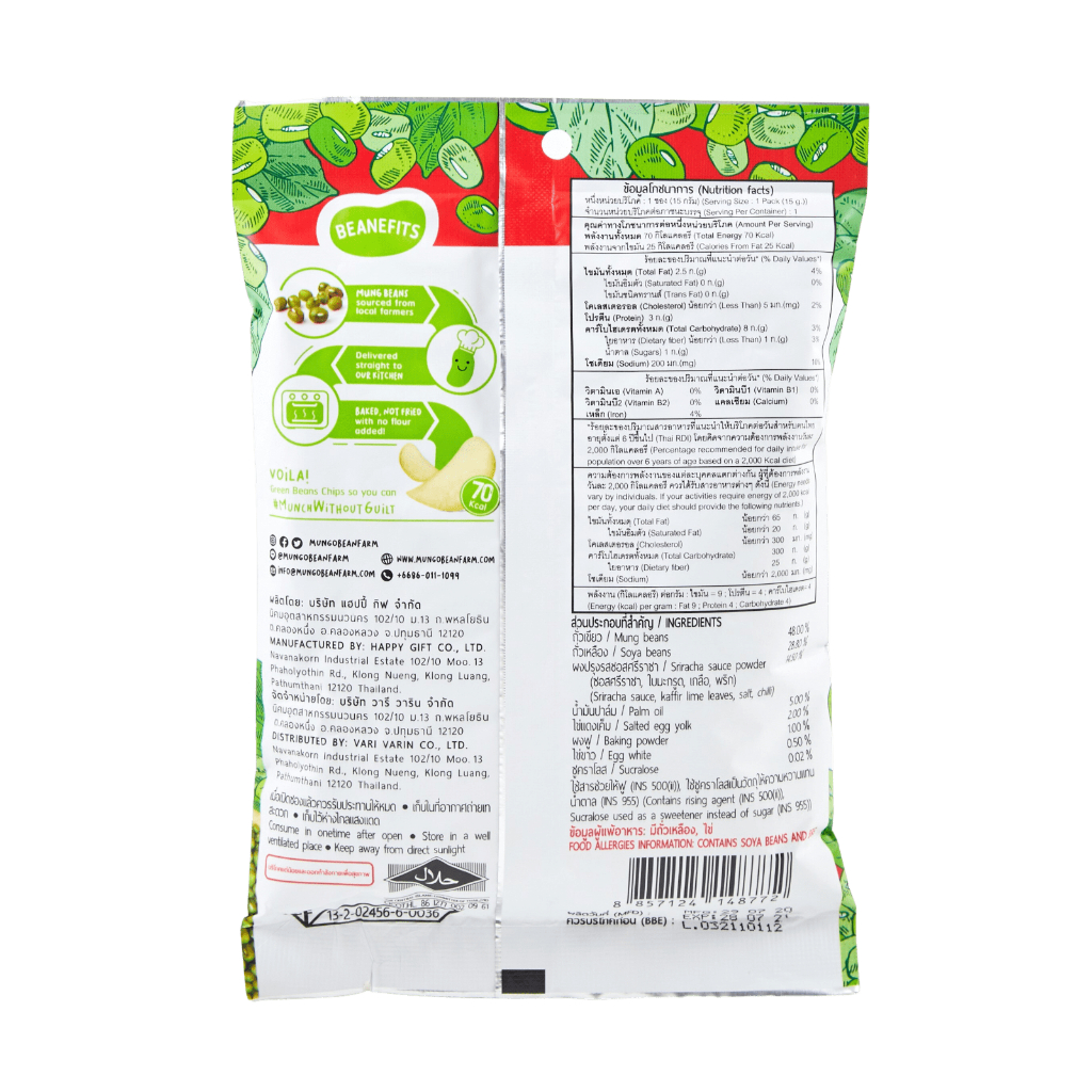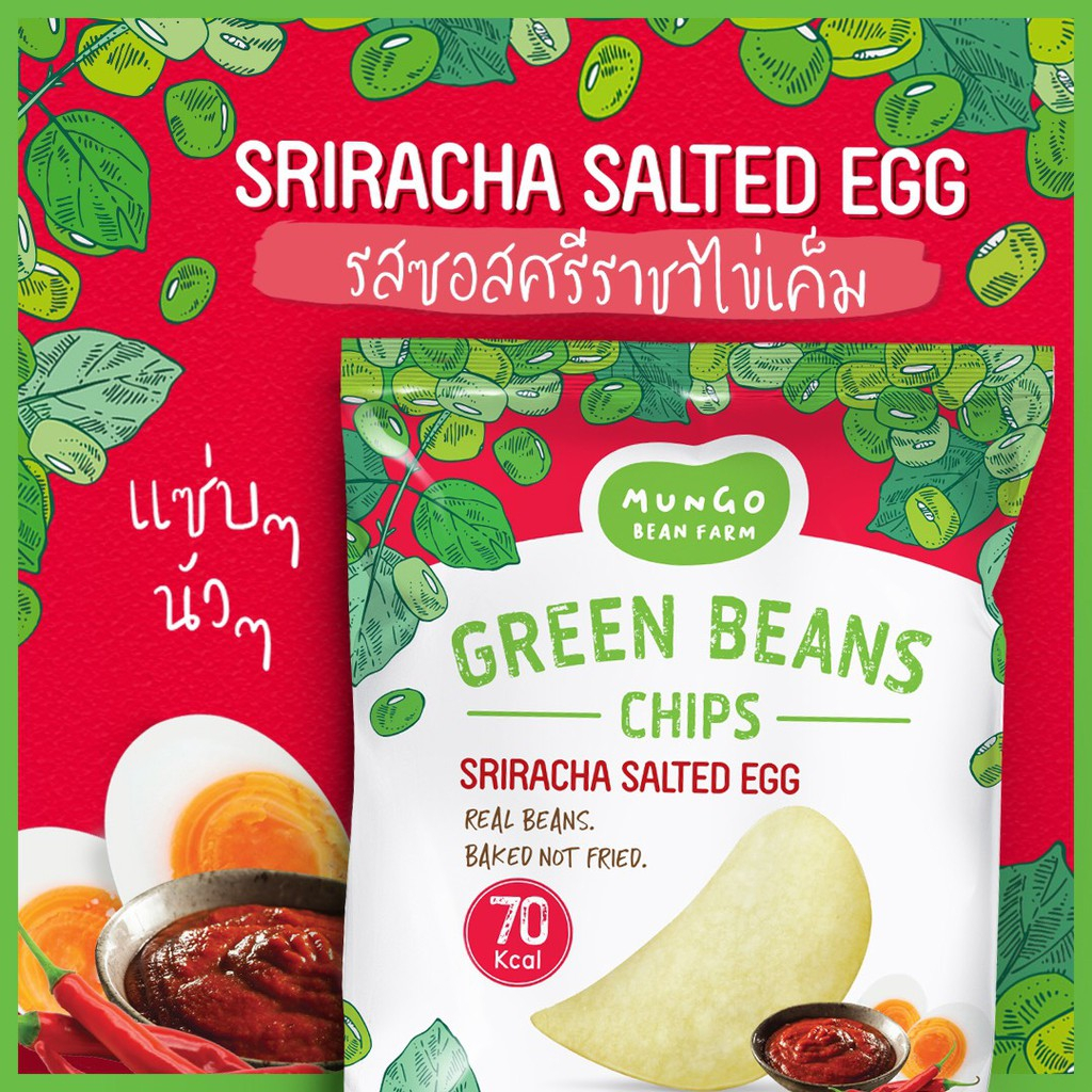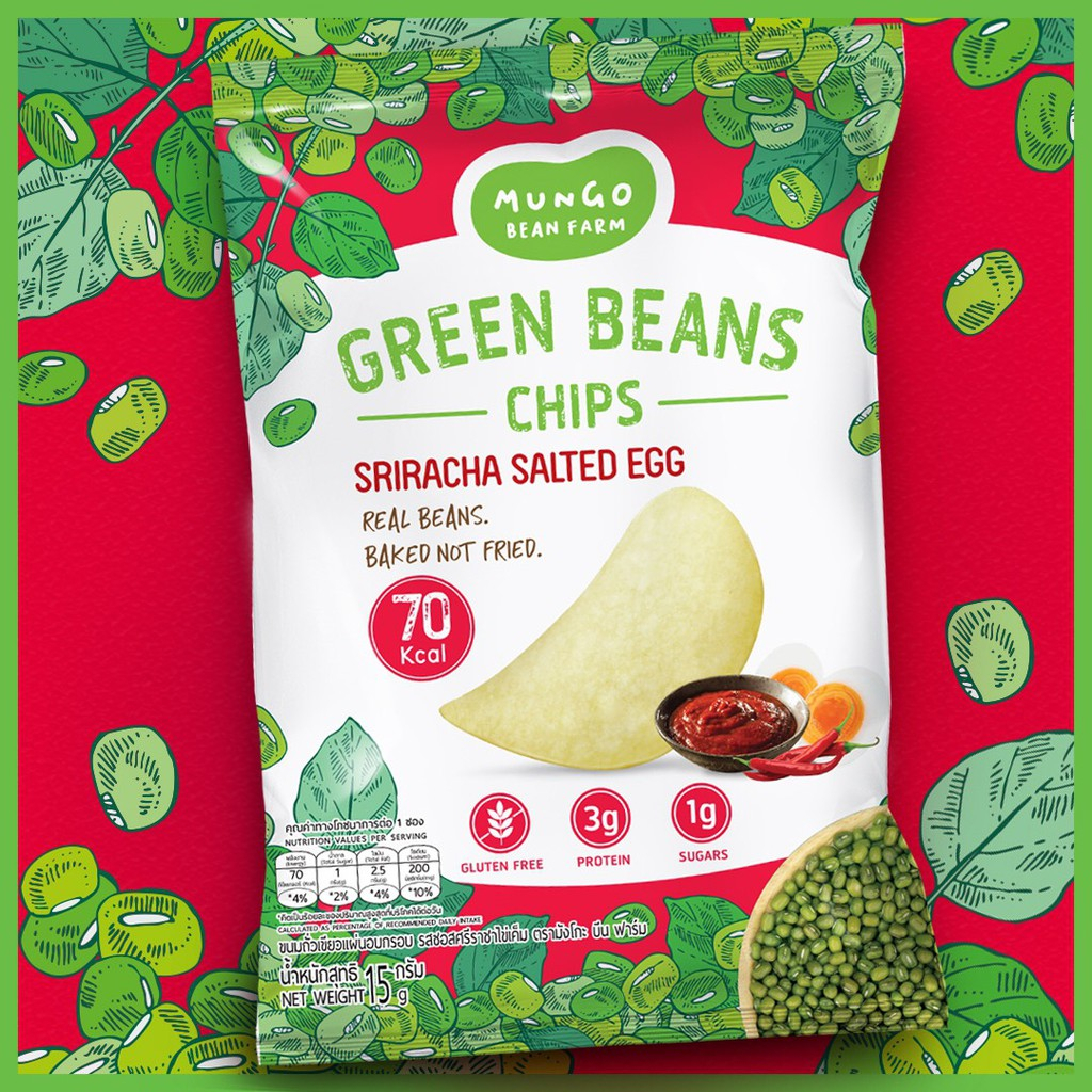 Mungo Bean Farm - Sriracha & Salted Egg ถั่วเขียวแผ่นอบกรอบ รสซอสศรีราชา & ไข่เค็ม (15 g)
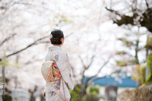 A woman wearing a kimono stands in front of cherry blossoms. The scene is serene and peaceful, with the woman looking out at the trees and the flowers. Concept of calm and tranquility
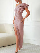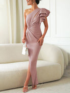 Ez a hosszú ruha folyékony vonalvezetésű, egy vállat szabadon hagyva. A réteges fodrok és az oldalsó hasíték egy csipetnyi kifinomultságot adnak hozzá. Tökéletes esküvőkre, estélyekre és más formális alkalmakra.
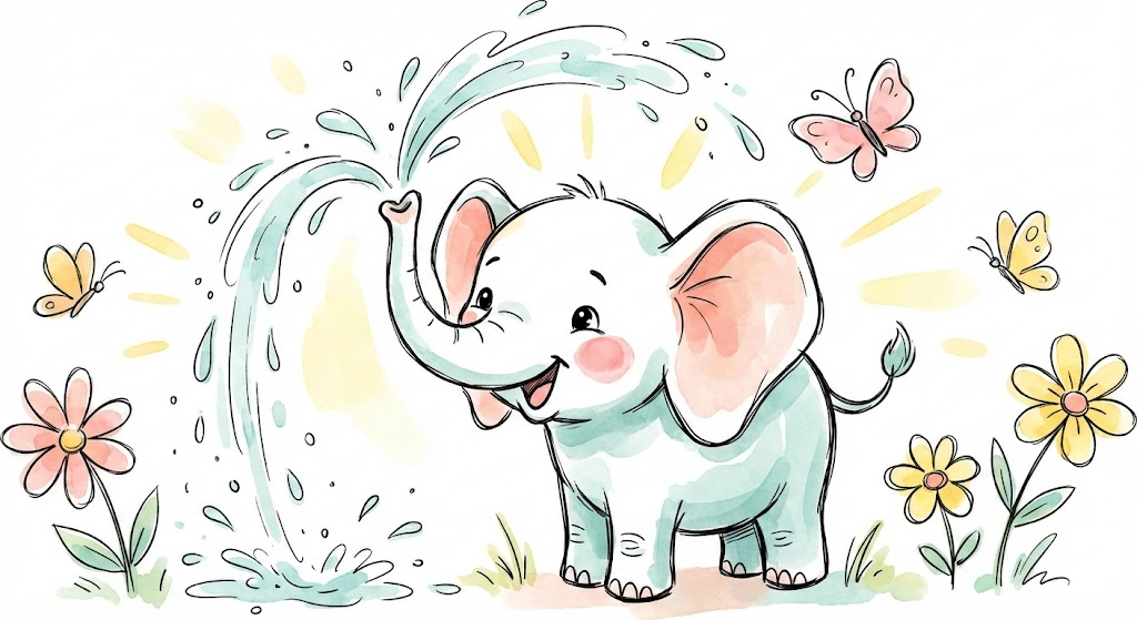 A cute and whimsical watercolor doodle of [a happy baby elephant spraying water with its trunk]. The style is hand-drawn with loose, sketchy ink outlines and soft, washed-out pastel colors like warm pink, sunny yellow, and light teal. The subject should be simple, charming, and centered on a clean white background. It resembles a sweet children's book illustration or a playful sticker design. High quality, artistic, minimal texture, isolated on white.
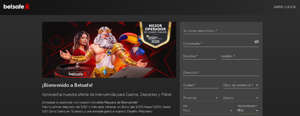 ¿Desea saber como registrarse en Betsafe Perú? Si lo que buscas es abrir una cuenta nueva, te mostramos nuestra guía detallada para lograrlo. Además de todo esto, te contamos lo mejor de sus dos ofertas de bienvenida, en Casino y Deportes. ¡Empieza con S/70 en Freebets o hasta S/200 + 100 Giros Gratis en Tucanito!
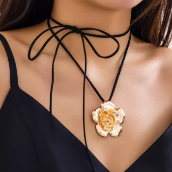 Goth Black Velvet Rose Flower Pendant Choker Necklace
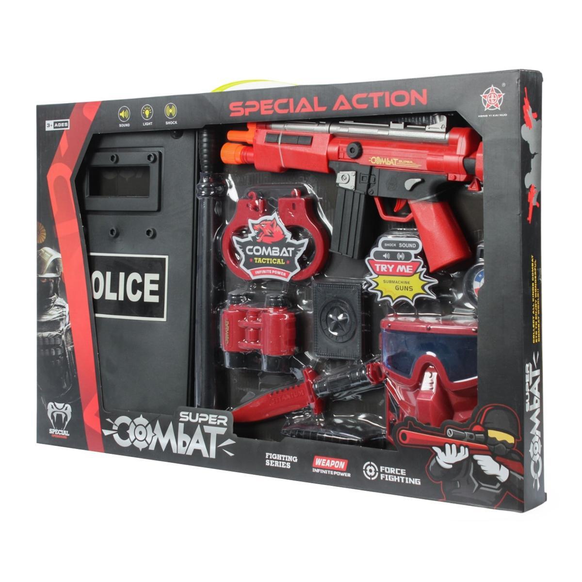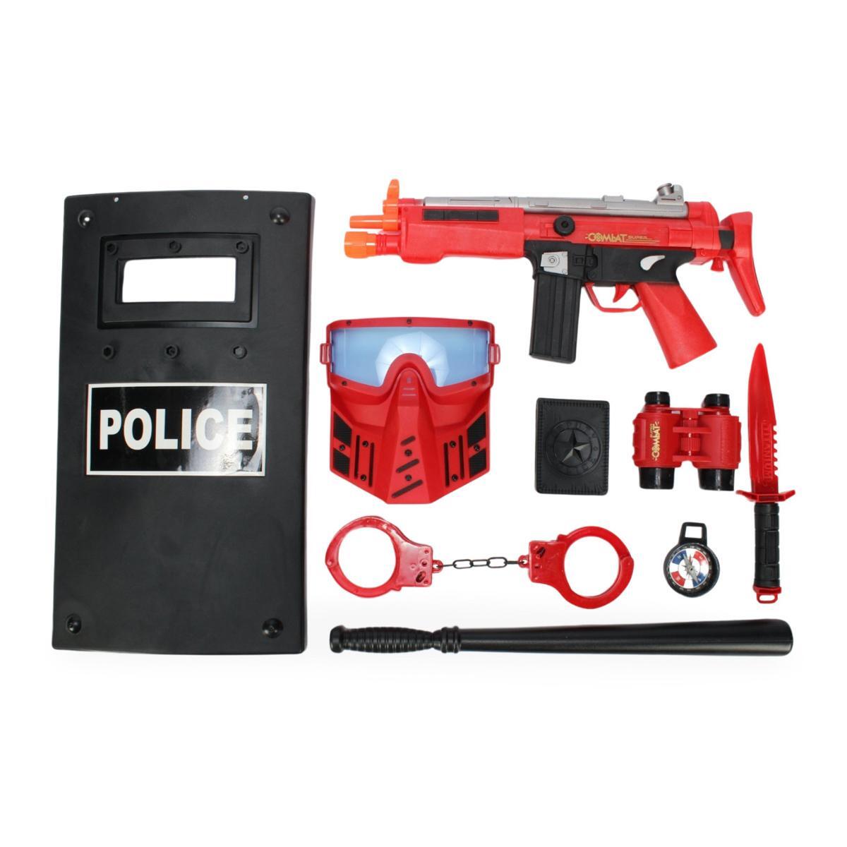Набор включает в себя 8 предметов: полицейский штурмовой щит, автомат, наручники, бинокль, удостоверение, боевой нож, дубинку и защитную маску. Все элементы идеально подходят для ролевых игр, развивая воображение и креативность вашего ребенка. Набор подходит для детей старше 3 лет и станет отличным подарком на день рождения или праздник.
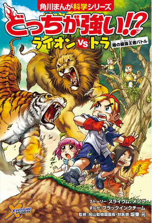 角川まんが科学シリーズの「どっちが強い!?」は、ライオンとトラ、サメとメカジキなど、戦闘力の近い自然界の強い生き物たちを、科学的データをもとに、対決させ、勝敗を決めることで生き物について学んでいく科学まんがです。2013年にマレーシアで刊行後、2016年に日本でも刊行開始。小学生を中心に人気沸騰中の大人気シリーズです。
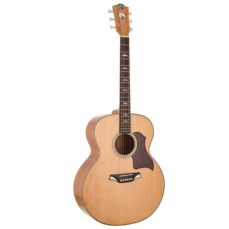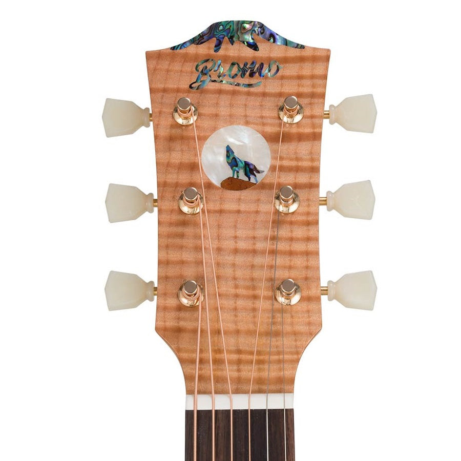 Sistemul patentat ToneFlow Bracing permite o rezonanță superioară și o dinamică extinsă, potrivindu-se perfect muzicienilor care caută un instrument expresiv și puternic. Gâtul trece direct prin corp, fiind realizat din arțar cu întărituri din Amara ebony, ceea ce oferă stabilitate excepțională și sustain amplu. Tastiera din Amara ebony oferă o atingere moale și precisă, în timp ce detaliile estetice – rozeta „Cowboy Rope”, logo-ul Mt. Bromo și motivele unice „Howling Wolf” – conferă chitarei o personalitate distinctă.

═══

- **To do**
Only the line with "Ez a hosszú" and those preceding it, back to the first line of the entries, should be repeated exactly, without pictures.

- **Answer to the exercise**
 Mungo Bean Farm - Sriracha & Salted Egg ถั่วเขียวแผ่นอบกรอบ รสซอสศรีราชา & ไข่เค็ม (15 g)
 A woman wearing a kimono stands in front of cherry blossoms. The scene is serene and peaceful, with the woman looking out at the trees and the flowers. Concept of calm and tranquility
 Ez a hosszú ruha folyékony vonalvezetésű, egy vállat szabadon hagyva. A réteges fodrok és az oldalsó hasíték egy csipetnyi kifinomultságot adnak hozzá. Tökéletes esküvőkre, estélyekre és más formális alkalmakra.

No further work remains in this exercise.